The next morning Belle was doing fine, awake, talking, minimal abdominal pain from her incision. Still no signs of peritonitis (or pleuritis, for that matter), and no further bleeding from her chest tube. She was very understanding as I explained how I was still trying to find how the hell this bullet got into her stomach, and that the next test would be an upper endoscopy. Later that day the endoscopist looked at every square centimetre of the inside of both her œsophagus and stomach. NOTHING. No blood, no injury, no hole. Nothing. NOTHING!
Hmmmmmm.
There had to be a hole there! Where the hell is the goddamned hole?
My final study, my last chance, was a swallow study under fluoroscopy. Belle swallowed oral contrast and the radiologist watched it under real-time fluoroscopy. THAT will definitely show me the site of the injury leaing. It will show the injury, right? RIGHT??
Nope. It was normal. Negative. Nothing. There was no hole anywhere.
FUCKING HMMMMMMMMMMMMMMMMMMMM
Over the next 4 days Belle had what I can only call a completely normal recovery from a completely abnormal surgery (her chest tube was removed on day 3). By her fifth day in hospital, she had essentially no pain, she was eating, she was pooping, she was walking, and she was ready to go home.
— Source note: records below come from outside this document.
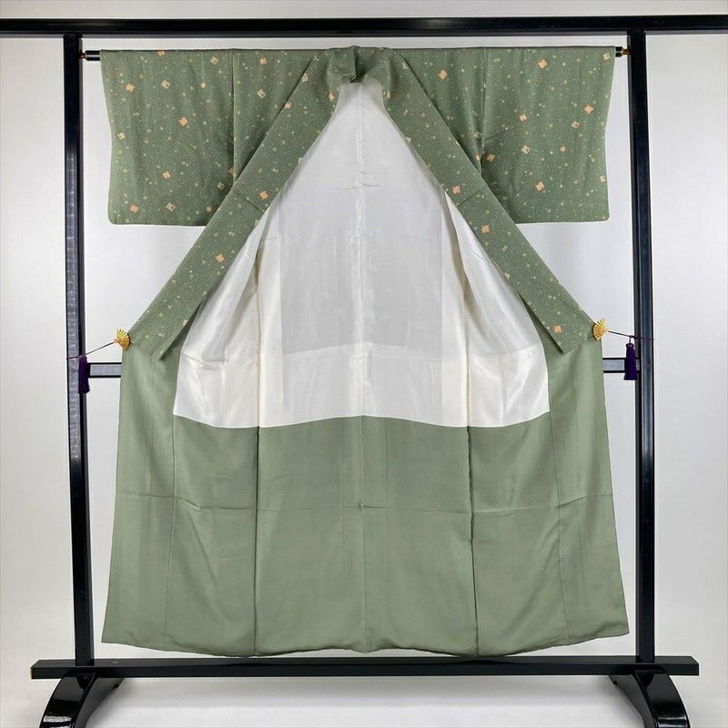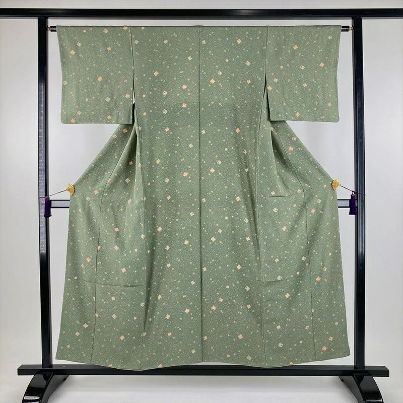 (中古) 小紋 青磁色 緑系 カジュアル ちりめん 破れ色紙 紅葉 鹿の子 霰 袷 SS 【身丈】148.5cm【裄丈】64cm
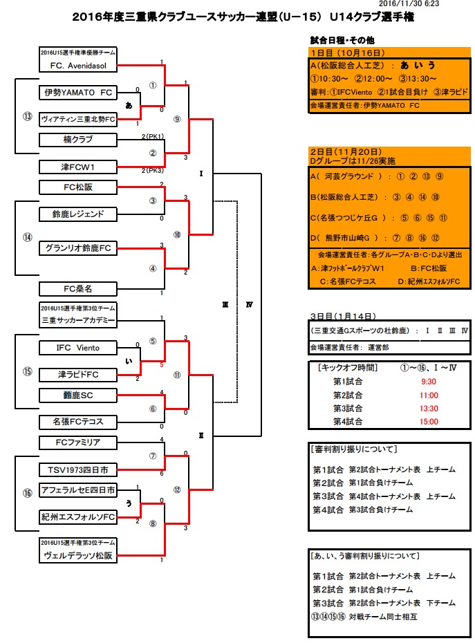 2016年度三重県クラブユースサッカー連盟(U-15)U14クラブ選手権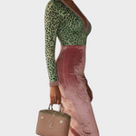 - Σχέδιο: Αυτό το midi bodycon φόρεμα συνδυάζει το color-blocking με την αντίθεση εκτύπωσης. Το πάνω μισό περιλαμβάνει V-λαιμόκοψη, μακριά μανίκια και λεοπάρ σχέδιο σε απαλές πράσινες αποχρώσεις, ενώ το κομμάτι της φούστας παραμένει σε σταθερό ροζ χρώμα. Η ανοιχτό ροζ διακόσμηση προσθέτει μια εκλεπτυσμένη διακοσμητική πινελιά γύρω από τη λαιμόκοψη και τους μανικέτες, ενισχύοντας τη συνολική αρμονία του σχεδίου.
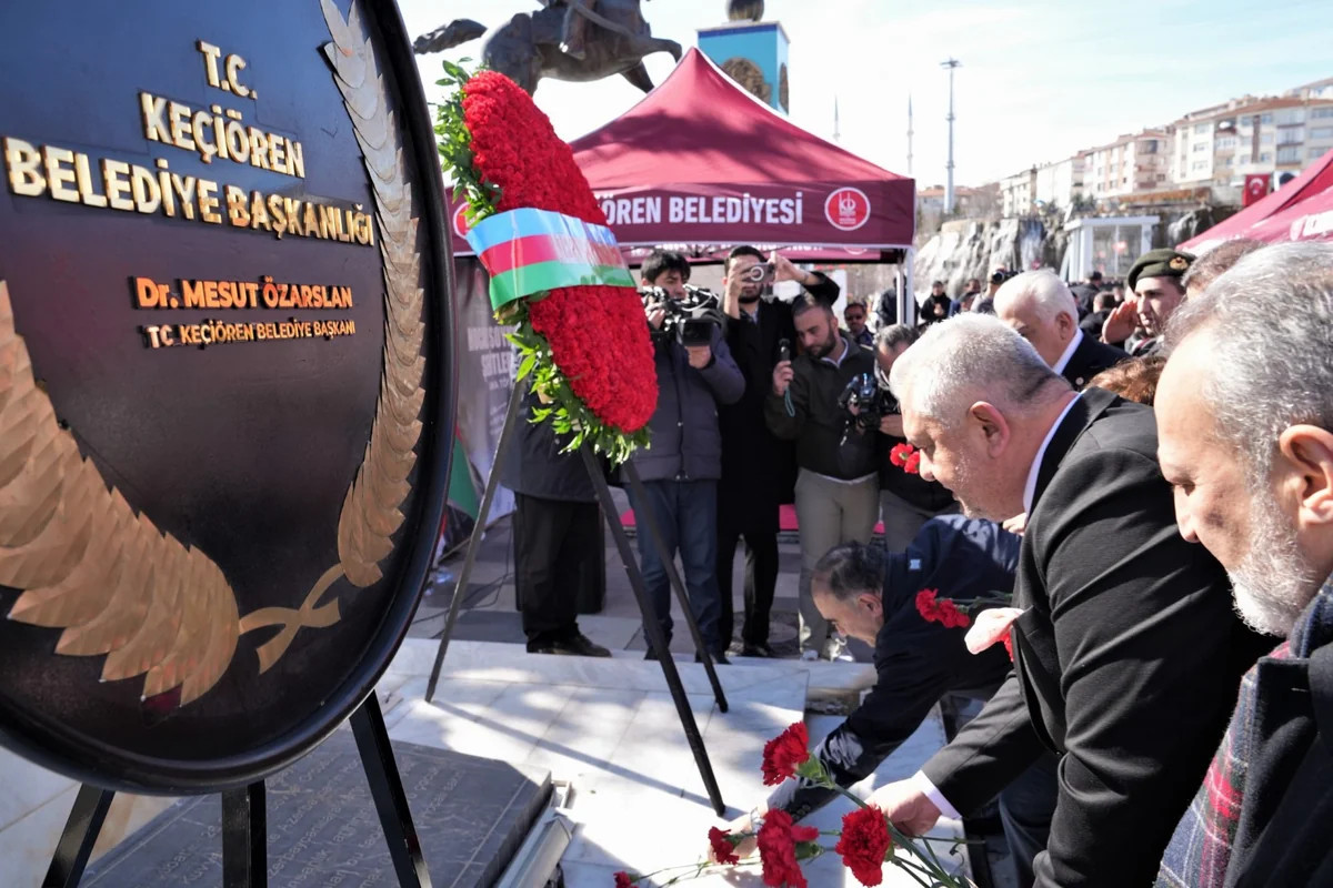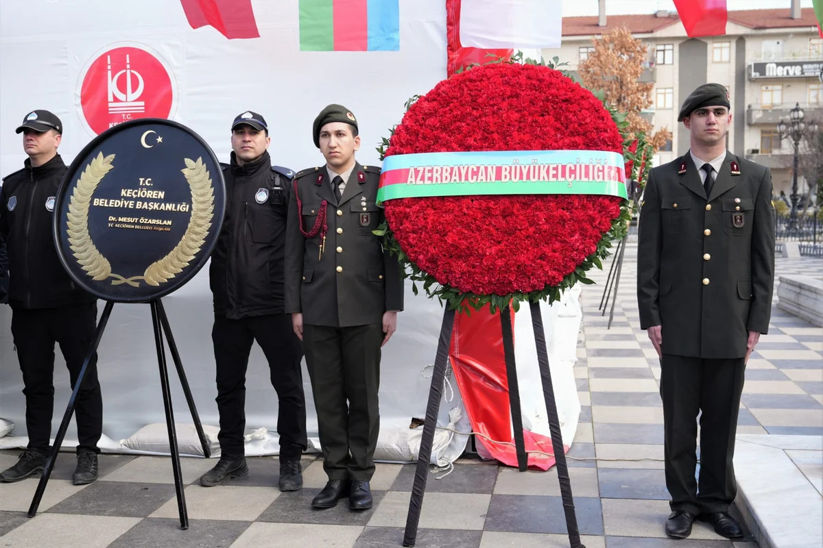 Ankaranın Keçiören rayonunda Xocalı Abidəsinin qarşısında anım mərasimi keçirilib.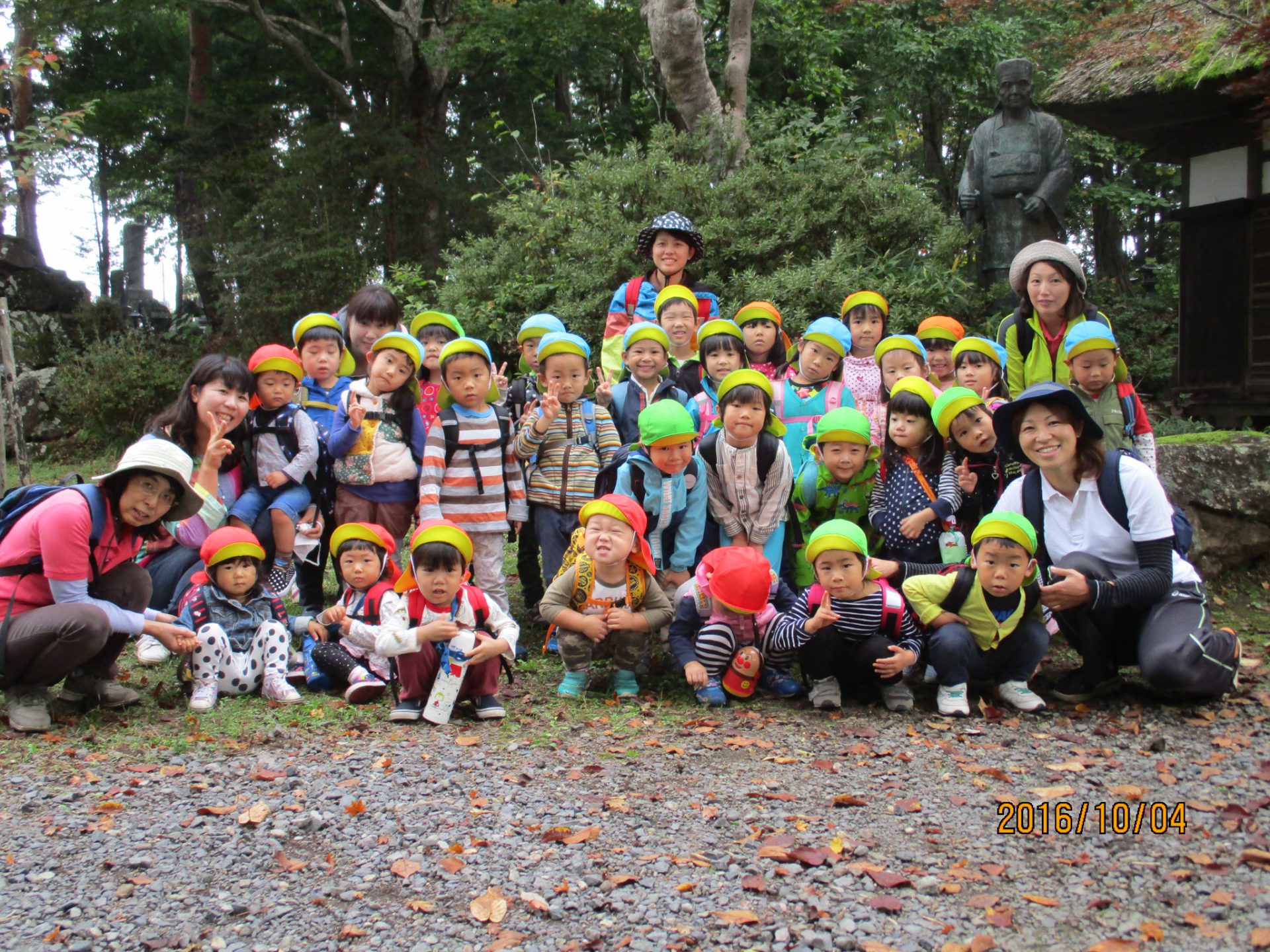 小林一茶さんの像の前で記念写真を撮ってから、いざ探険へレッツゴー!

I saw her back in my office a week later, and she was continuing her totally normal recovery. I tried (and probably failed) to explain how bizarre a situation this was, and that she was a once-in-a-career type of patient. Sure I've seen other patients who probably should have sustained some kind of damage based on their mechanism of injury but didn't, but never something like this. And I probably never will again.
Belle just laughed and said "Thank you for saving my life."
I was not and still am not sure I saved anything (except maybe her lung).
I have presented this case to literally every other trauma surgeon at my hospital, a few trauma surgeons from other hospitals, a few trauma surgeons from other countries, and DadBastard (who you may remember was a general surgeon for several decades). Not a single one has been able to offer me any insight as to how the FUCK this actually happened other than "Well, I guess it was a magic bullet".
So I offer it to you folks. HOW THE HELL DID THIS HAPPEN?